*** Opening of EXTRACTED INFORMATION ***
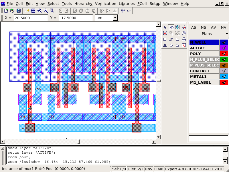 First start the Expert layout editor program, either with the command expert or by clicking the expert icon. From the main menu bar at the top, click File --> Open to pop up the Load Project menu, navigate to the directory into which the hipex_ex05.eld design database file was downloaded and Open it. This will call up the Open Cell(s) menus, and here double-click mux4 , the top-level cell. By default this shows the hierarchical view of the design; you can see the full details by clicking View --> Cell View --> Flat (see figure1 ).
*** Close of EXTRACTED INFORMATION ***
*** Opening of EXTRACTED INFORMATION ***
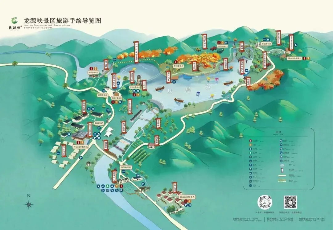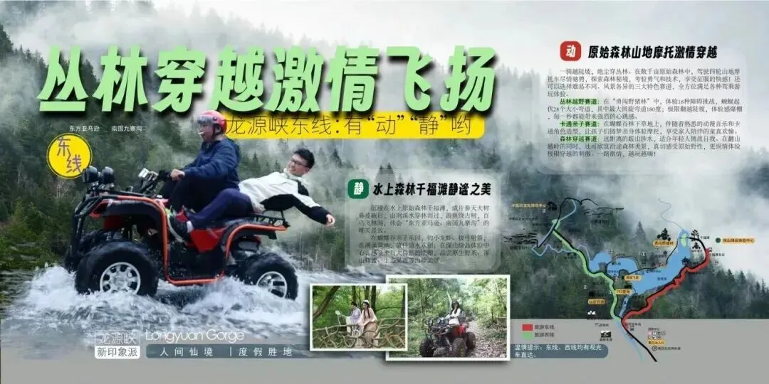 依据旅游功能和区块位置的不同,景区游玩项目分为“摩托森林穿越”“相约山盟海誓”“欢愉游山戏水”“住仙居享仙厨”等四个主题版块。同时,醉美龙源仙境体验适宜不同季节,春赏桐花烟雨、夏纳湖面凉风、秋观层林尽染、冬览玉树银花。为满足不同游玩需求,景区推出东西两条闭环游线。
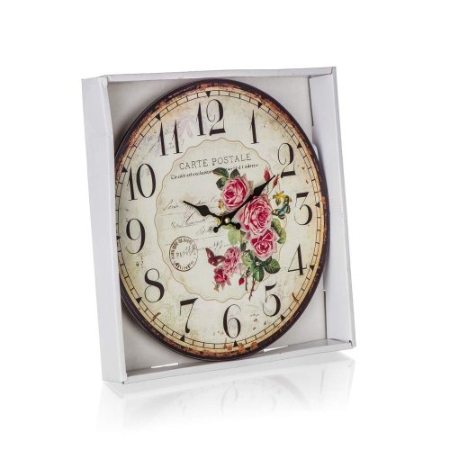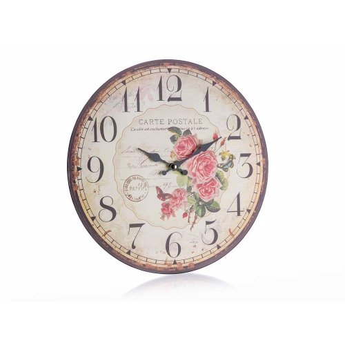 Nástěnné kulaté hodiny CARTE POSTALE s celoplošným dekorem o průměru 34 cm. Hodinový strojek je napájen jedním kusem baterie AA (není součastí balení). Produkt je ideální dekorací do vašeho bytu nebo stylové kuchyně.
*** Close of EXTRACTED INFORMATION ***
*** Opening of EXTRACTED INFORMATION ***
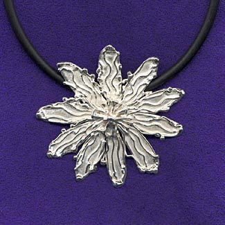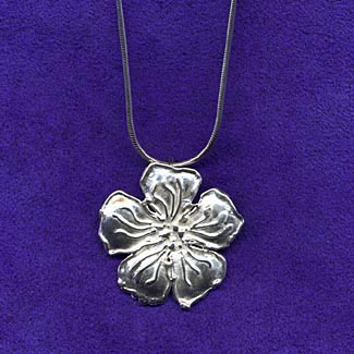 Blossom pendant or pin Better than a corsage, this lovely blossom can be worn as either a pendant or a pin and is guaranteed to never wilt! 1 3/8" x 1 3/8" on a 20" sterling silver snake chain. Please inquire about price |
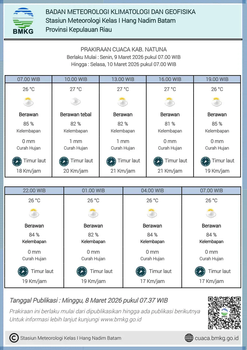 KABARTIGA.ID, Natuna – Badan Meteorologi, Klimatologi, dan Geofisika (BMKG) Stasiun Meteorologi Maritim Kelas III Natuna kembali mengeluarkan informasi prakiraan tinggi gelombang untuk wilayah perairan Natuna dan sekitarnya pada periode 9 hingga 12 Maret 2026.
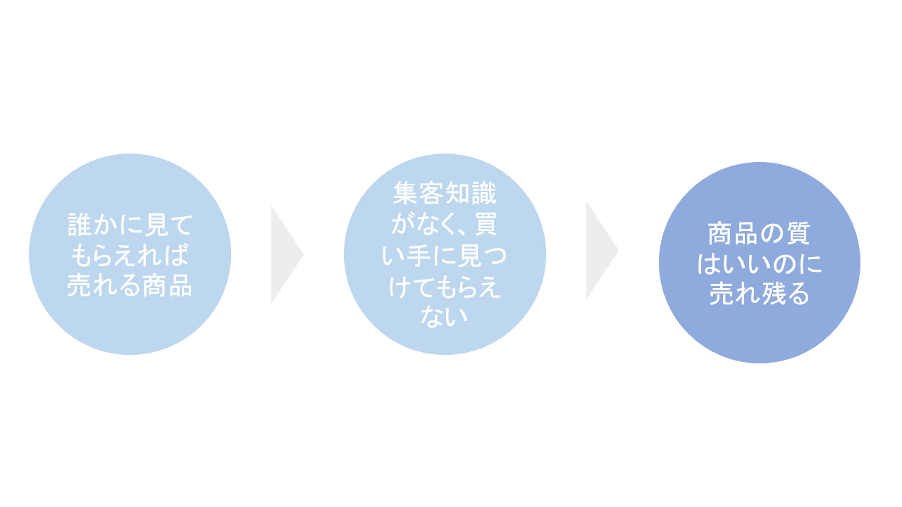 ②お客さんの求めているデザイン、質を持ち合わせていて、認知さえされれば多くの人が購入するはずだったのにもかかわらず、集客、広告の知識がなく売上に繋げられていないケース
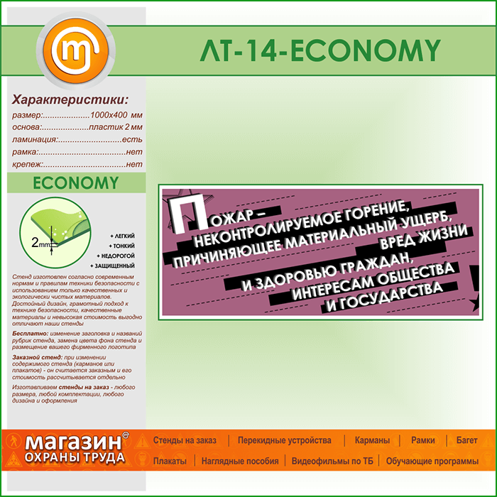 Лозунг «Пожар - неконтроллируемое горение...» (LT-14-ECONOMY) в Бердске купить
*** Close of EXTRACTED INFORMATION ***
Output exactly those lines of the data above that run from the line with "依据旅游功能和区块位置的不同" up to and including the line with "Nástěnné kulaté hodiny". No pictures go in.

 依据旅游功能和区块位置的不同,景区游玩项目分为“摩托森林穿越”“相约山盟海誓”“欢愉游山戏水”“住仙居享仙厨”等四个主题版块。同时,醉美龙源仙境体验适宜不同季节,春赏桐花烟雨、夏纳湖面凉风、秋观层林尽染、冬览玉树银花。为满足不同游玩需求,景区推出东西两条闭环游线。
 Nástěnné kulaté hodiny CARTE POSTALE s celoplošným dekorem o průměru 34 cm. Hodinový strojek je napájen jedním kusem baterie AA (není součastí balení). Produkt je ideální dekorací do vašeho bytu nebo stylové kuchyně.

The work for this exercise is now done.